Thus, according to my reading of Kant, acquaintance with the empirical qualities of objects is not sufficient for putting one in a position to have empirical knowledge precisely because the presented sensory qualities are not represented as related to one another beyond their possession of a spatial and temporal unity.

The fact that various sensible qualities are represented as having a common spatial position (e.g. color, extension, impenetrability) does not mean that there is any representation of some individual as having those qualities. The kind of synthesized empirical cognition that grounds cognition (Erkenntnis) and knowledge (Wissen), in contrast, requires that there be some represented individual grounding the unity of the manifest qualities in a relation mirroring the subject-predicate relation in a propositional judgment. It is precisely in giving this structure to our consciousness of the things with which we are acquainted that our consciousness comes to have discursive unity. Such unity allows the transition from a presentation of something in a spatially and temporally contiguous manner—for example, the perceptual presentation of shape and coextensive color—to the presentation of some particular thing as colored and shaped.

So we have two forms of unity: aesthetic and discursive. An intuition has aesthetic unity in that it presents to consciousness a shaped, located, solid, and colored region of space, the consciousness of which, though episodic, may nevertheless persist over some period of time.
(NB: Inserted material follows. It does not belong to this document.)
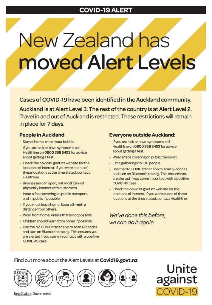 Level 3 Auckland and Level 2 Outside of Auckland
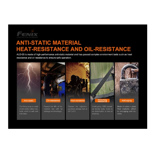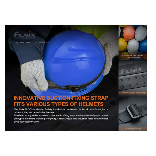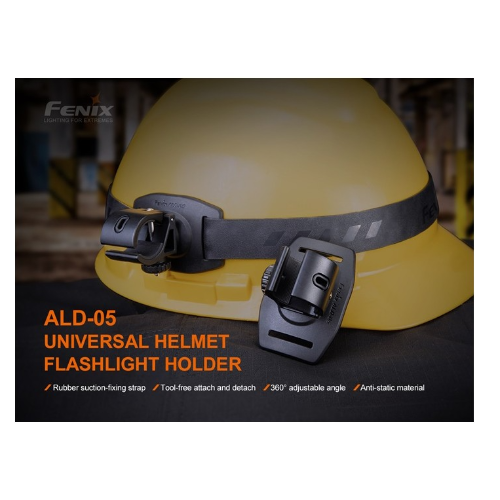 El Fenix ALD-05 es un soporte para linterna para casco que se puede utilizar para fijar linternas cilíndricas en cascos industriales, de bomberos, de rescate y otros. Equipado con una correa de fijación de goma antiestática ajustable, que se puede usar firmemente en varios tipos de cascos (la circunferencia de la cabeza no supera los 660 mm). El soporte de la linterna se puede girar 360 grados, lo que resulta conveniente para ajustar el ángulo de iluminación de la linterna hacia arriba y hacia abajo. Calibre de sujeción ajustable: adecuado para linternas con un diámetro exterior del cuerpo de 20-28 mm.

Here the subject is consciously en rapport with features of her environment. But she is not yet in a position to make any propositionally structured claims about this tract of her environment. Being in a position to make such claims requires that the second, discursive, form of unity be present in her experience.

Discursive unity binds together the subject’s fragmented, episodic representations of the various qualities presented in sensory experience (empirical intuition), and makes possible conscious transitions from an awareness of a sensory quality manifested by some mind-independent object to an awareness of the object manifesting those qualities, that is, a persisting substance. I do not here make any specific claim concerning the exact nature of Kant’s argument for how this is possible. That would involve a discussion of the transcendental unity of apperception, among other things. But this sketch of the position shows how Kant could consistently conceive of aesthetic unity as a distinct and independent form of unity, and allow that intuition counts as a form of objective representation despite the absence of synthesis, while nevertheless requiring discursive unity among a subject’s states if she is to acquire empirical knowledge.

Before closing I want to address the question of how to understand Kant’s claim, quoted in §1 above, that the “same function” that unifies conceptual representations in a judgment also unifies representations in an intuition (A79/ B104–5). Intellectualism takes this as indicating that an intuition lacks unity—and thus is not an objective representation—unless synthesized by the understanding.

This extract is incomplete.